##### ENTRIES SHOWN
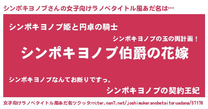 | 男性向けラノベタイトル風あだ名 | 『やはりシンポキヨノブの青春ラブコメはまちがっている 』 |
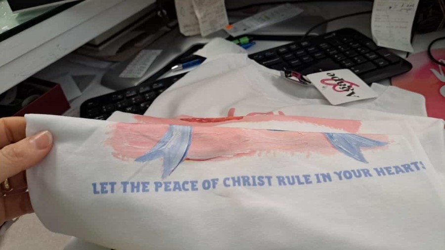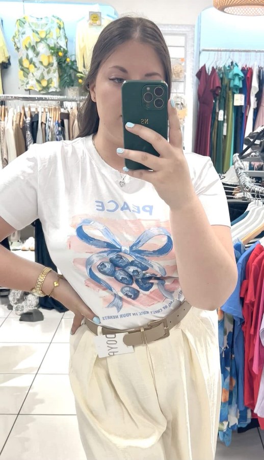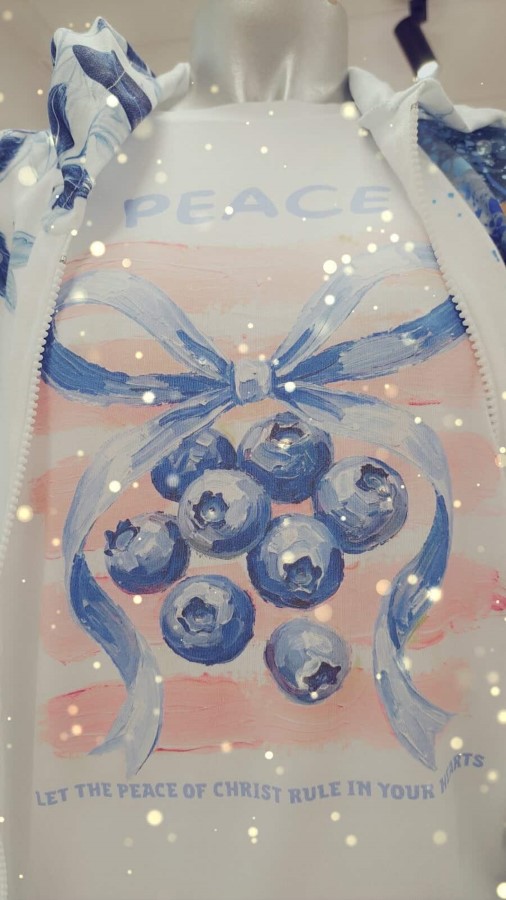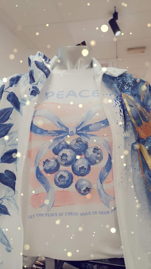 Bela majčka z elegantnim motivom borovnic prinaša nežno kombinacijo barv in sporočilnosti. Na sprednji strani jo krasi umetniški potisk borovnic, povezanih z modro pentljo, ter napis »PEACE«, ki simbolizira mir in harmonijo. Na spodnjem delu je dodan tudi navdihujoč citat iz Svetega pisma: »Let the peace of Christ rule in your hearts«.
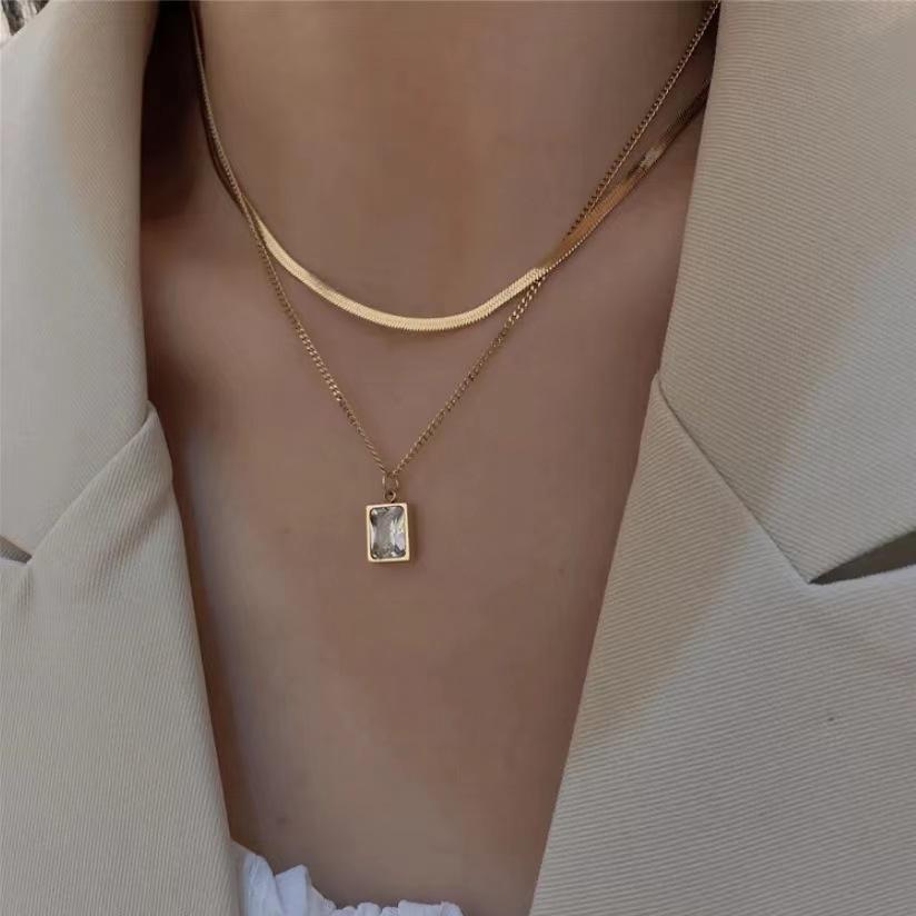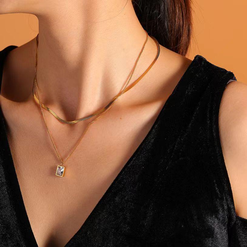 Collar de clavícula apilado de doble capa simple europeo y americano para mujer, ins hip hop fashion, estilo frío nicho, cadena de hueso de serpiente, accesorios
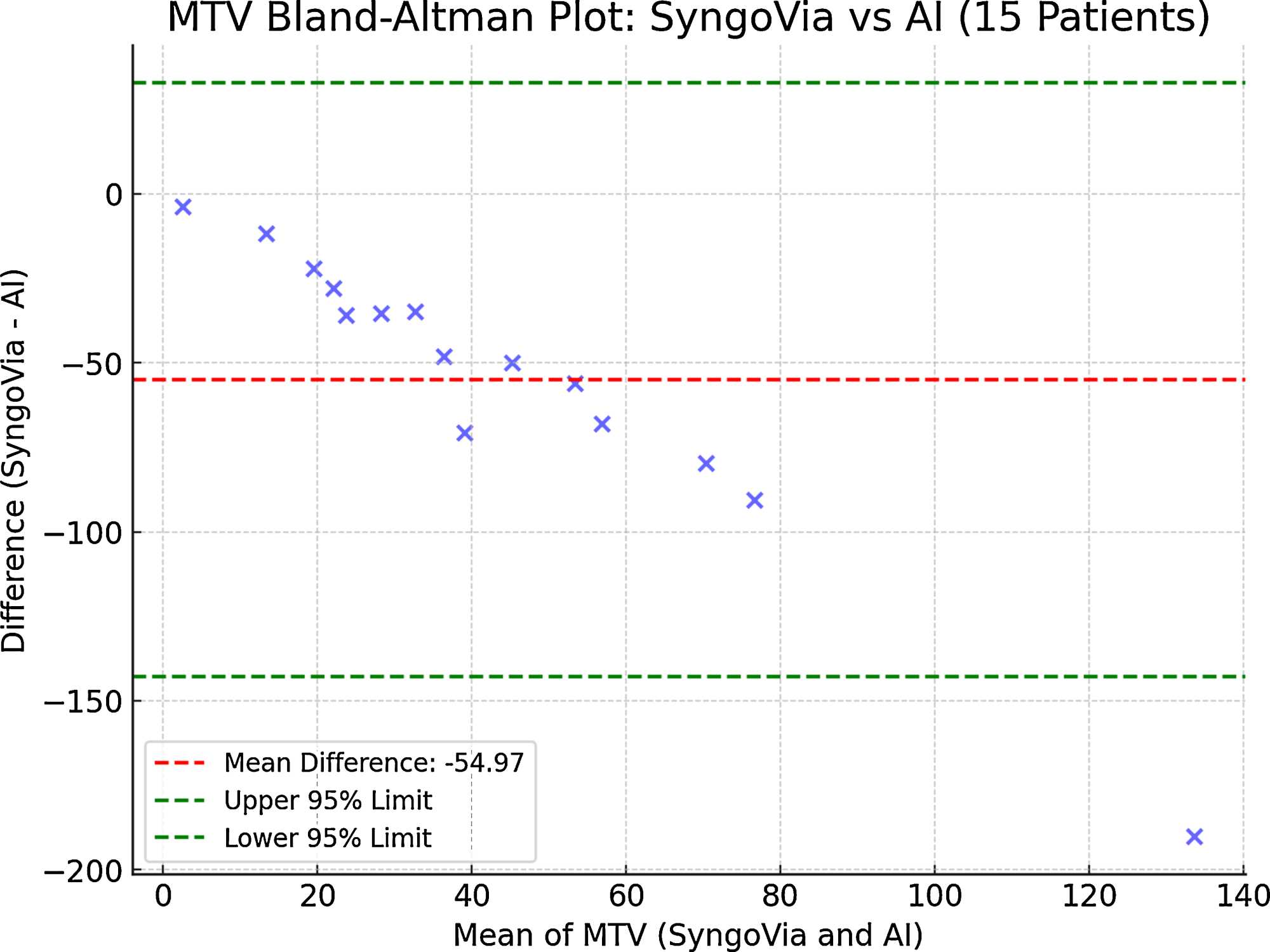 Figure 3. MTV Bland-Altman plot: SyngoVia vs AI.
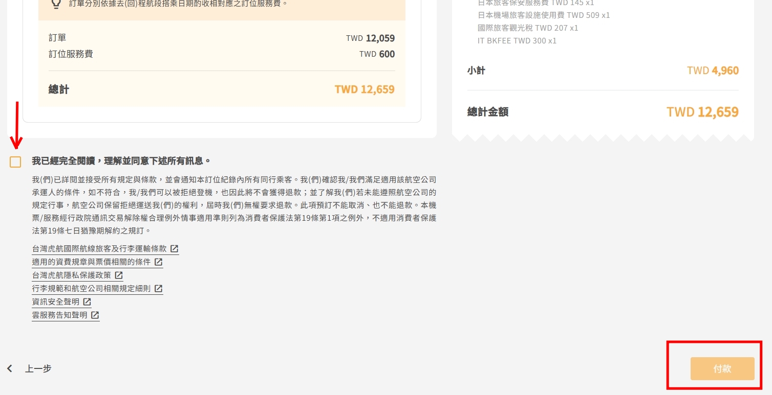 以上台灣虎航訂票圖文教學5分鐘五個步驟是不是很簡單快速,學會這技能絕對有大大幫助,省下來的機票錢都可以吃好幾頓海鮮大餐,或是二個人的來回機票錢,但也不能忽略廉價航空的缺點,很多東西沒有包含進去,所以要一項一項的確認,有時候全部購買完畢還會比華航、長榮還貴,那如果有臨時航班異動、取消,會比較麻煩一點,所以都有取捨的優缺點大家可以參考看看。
##########
ABOUT THIS EXERCISE - Here the job is to print the data above exactly, except for any pictures.

SOLUTION TO THIS PROBLEM -
 | 男性向けラノベタイトル風あだ名 | 『やはりシンポキヨノブの青春ラブコメはまちがっている 』 |
 Bela majčka z elegantnim motivom borovnic prinaša nežno kombinacijo barv in sporočilnosti. Na sprednji strani jo krasi umetniški potisk borovnic, povezanih z modro pentljo, ter napis »PEACE«, ki simbolizira mir in harmonijo. Na spodnjem delu je dodan tudi navdihujoč citat iz Svetega pisma: »Let the peace of Christ rule in your hearts«.
 Collar de clavícula apilado de doble capa simple europeo y americano para mujer, ins hip hop fashion, estilo frío nicho, cadena de hueso de serpiente, accesorios
 Figure 3. MTV Bland-Altman plot: SyngoVia vs AI.
 以上台灣虎航訂票圖文教學5分鐘五個步驟是不是很簡單快速,學會這技能絕對有大大幫助,省下來的機票錢都可以吃好幾頓海鮮大餐,或是二個人的來回機票錢,但也不能忽略廉價航空的缺點,很多東西沒有包含進去,所以要一項一項的確認,有時候全部購買完畢還會比華航、長榮還貴,那如果有臨時航班異動、取消,會比較麻煩一點,所以都有取捨的優缺點大家可以參考看看。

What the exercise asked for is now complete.